By Liz Bowen
For the Siskiyou Daily News
Nov. 6, 2014
ETNA – World War II veteran Ormond “Ed” Quigley served on an U.S. aircraft carrier earning two battle stars fighting in the South Pacific from 1943 to 1945. This Sat., Nov. 8th, the Navy veteran will be honored as Grand Marshal for the Etna Veterans’ Parade. It starts at 11 a.m.
Ed was born to Alma and Charles Quigley in their Etna home on Fredricks Street in 1925 – one of seven sons and one daughter. His grandfather, James Quigley, was also born in Scott Valley on the family ranch up McConhaughy Gulch. So Ed is a third-generation Scott Valley native. He attended Etna Elementary School in the old two-story building, near the present-day elementary school.
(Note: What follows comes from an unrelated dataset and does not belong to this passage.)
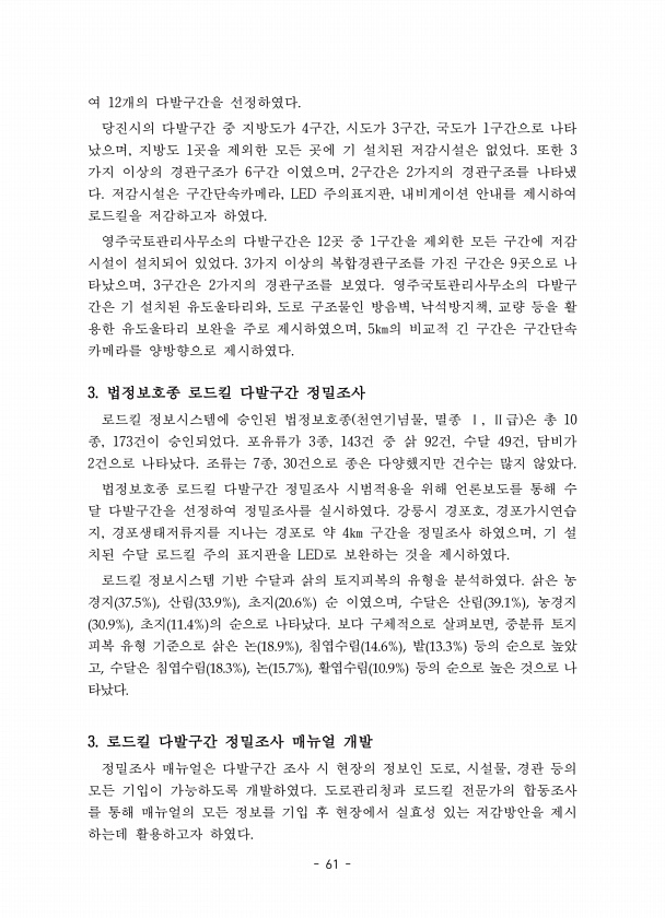 제목 : (2019) 로드킬 다발구간 정밀조사
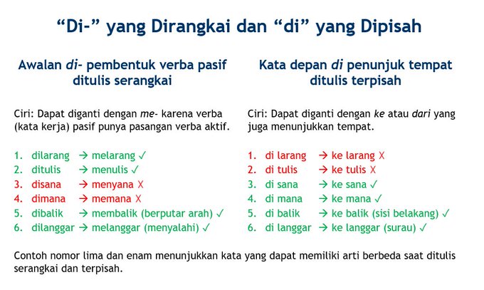 Rasibook 8 09 2018 edit naskah eyd. Di dan ke sebagai kata depan preposisi. Di dan ke dalam bahasa indonesia bisa menempati kata depan dan sebagai imbuhan. Seperti sore ini judul artikel saya berubah menjadi dimana logikanya calon independen diakomodasi pilkada tidak langsung padahal saya menuliskannya dengan di mana logikanya calon independen diakomodasi pilkada tidak langsung saya lupa memberinya tanda tanya.

Charles Quigley served as Etna Town Constable, worked for the Barnum Livery Stable and also the Etna Meat and Ice. But unfortunately, father Charles died when Ed was nine and life changed for the Quigley family. Ed and his brother, Bill, then began milking the 18 cows that his dad had milked along with his other jobs. It was a morning and night job with Ed also delivering to neighbors the glass, corked-bottles of milk in a wagon.
He remembers the name of the local bar was “Bucket of Blood” and Rose Sovey ran a restaurant and hotel on Main Street. Ed played six-man football in high school, but by age 17 he was driving a logging truck from nearby Whiskey Butte to the saw mill near Lover’s Lane on the outskirts of Etna. And, nope, he didn’t have a driver’s license for the job.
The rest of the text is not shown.